[[ Supplied data, beginning ]]

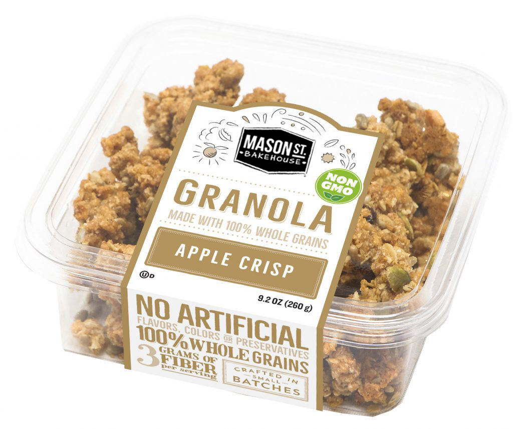 INGREDIENTS: Fruit and seeds (sunflower, apples, raisins, flax, pumpkin), whole grain rolled oats, sugar, honey, sunflower oil, crisp rice (whole grain brown rice, cane syrup, sea salt), cashews, natural flavor, almonds, walnuts, salt, spice. Contains almonds, cashews and walnuts.
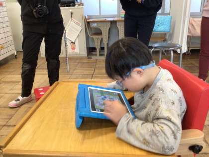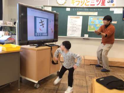 楽しみながら文字に親しめるように「もじもじランドの冒険」という設定で、ひらがなの学習を進めました。文字の形を体で表現したり、ICTを活用したり、パズルで文字の形合わせやなぞり書きを行ったり、遊び感覚で学べる工夫がありました。
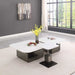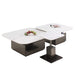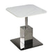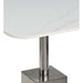 Feast your eyes on a true contemporary living room staple, the ceramic-topped lamp table. Featuring a rich 1/2” thick white marbleized rectangular ceramic top, the piece rests delicately on a high gloss steel base in a daring graphite finish.
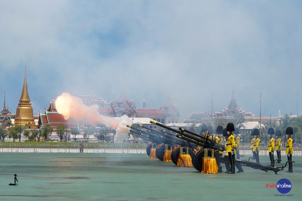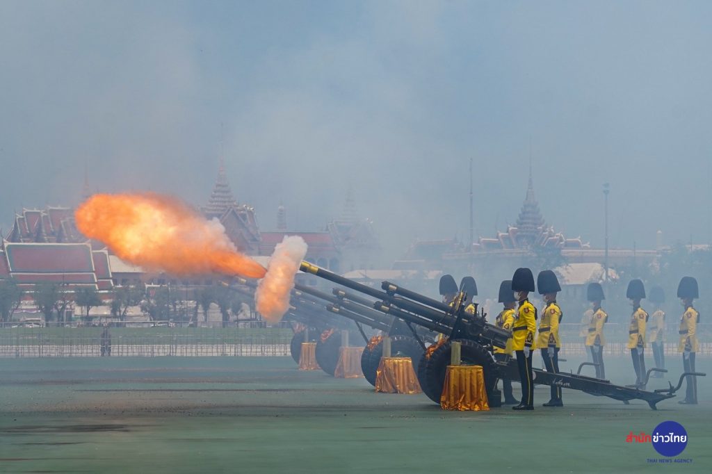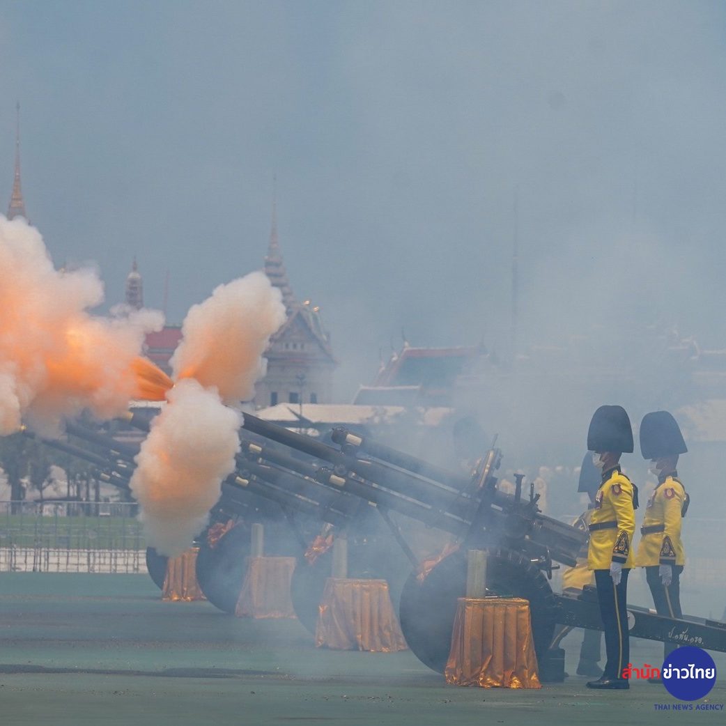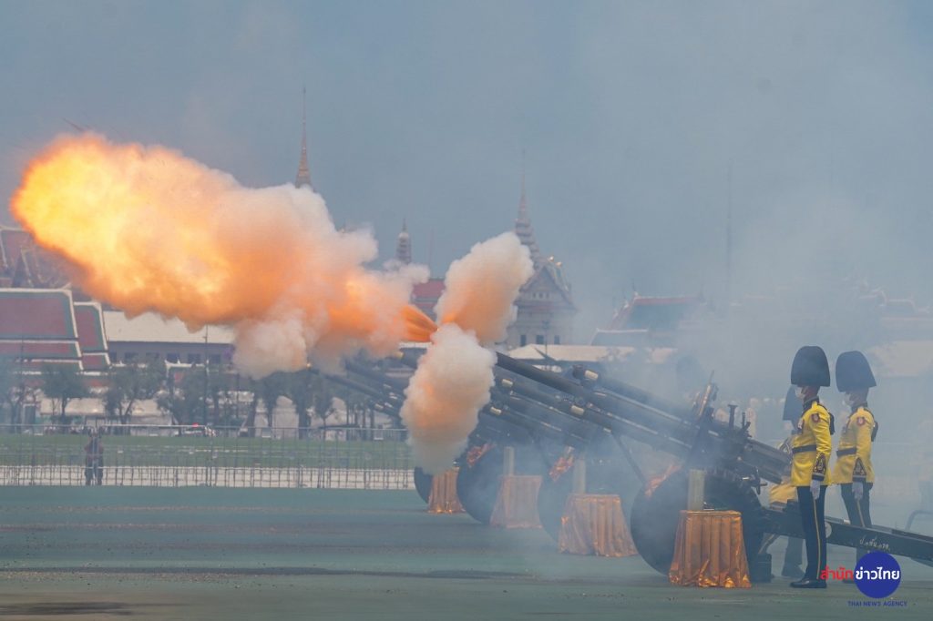 กองพันทหารปืนใหญ่ที่ 1 รักษาพระองค์ (ป.1 พัน.1 รอ.) ยิงสลุตหลวง 21 นัด ที่มณฑลพิธีท้องสนามหลวง เฉลิมพระเกียรติ เนื่องในโอกาสวันเฉลิมพระชนมพรรษาสมเด็จพระนางเจ้าสุทิดา พัชรสุธาพิมลลักษณ พระบรมราชินี ประจำปีพุทธศักราช 2564 ทั้งนี้ได้ยิงพร้อมกันทั้ง 3 เหล่าทัพ ในเวลา 12.00 น. เมื่อวันที่ 3 มิ.ย.64

[[ Supplied data, end ]]

» **Your instructions**
A word-for-word retyping of the material above is expected, without pictures.

» **Exercise result**
 INGREDIENTS: Fruit and seeds (sunflower, apples, raisins, flax, pumpkin), whole grain rolled oats, sugar, honey, sunflower oil, crisp rice (whole grain brown rice, cane syrup, sea salt), cashews, natural flavor, almonds, walnuts, salt, spice. Contains almonds, cashews and walnuts.
 楽しみながら文字に親しめるように「もじもじランドの冒険」という設定で、ひらがなの学習を進めました。文字の形を体で表現したり、ICTを活用したり、パズルで文字の形合わせやなぞり書きを行ったり、遊び感覚で学べる工夫がありました。
 Feast your eyes on a true contemporary living room staple, the ceramic-topped lamp table. Featuring a rich 1/2” thick white marbleized rectangular ceramic top, the piece rests delicately on a high gloss steel base in a daring graphite finish.
 กองพันทหารปืนใหญ่ที่ 1 รักษาพระองค์ (ป.1 พัน.1 รอ.) ยิงสลุตหลวง 21 นัด ที่มณฑลพิธีท้องสนามหลวง เฉลิมพระเกียรติ เนื่องในโอกาสวันเฉลิมพระชนมพรรษาสมเด็จพระนางเจ้าสุทิดา พัชรสุธาพิมลลักษณ พระบรมราชินี ประจำปีพุทธศักราช 2564 ทั้งนี้ได้ยิงพร้อมกันทั้ง 3 เหล่าทัพ ในเวลา 12.00 น. เมื่อวันที่ 3 มิ.ย.64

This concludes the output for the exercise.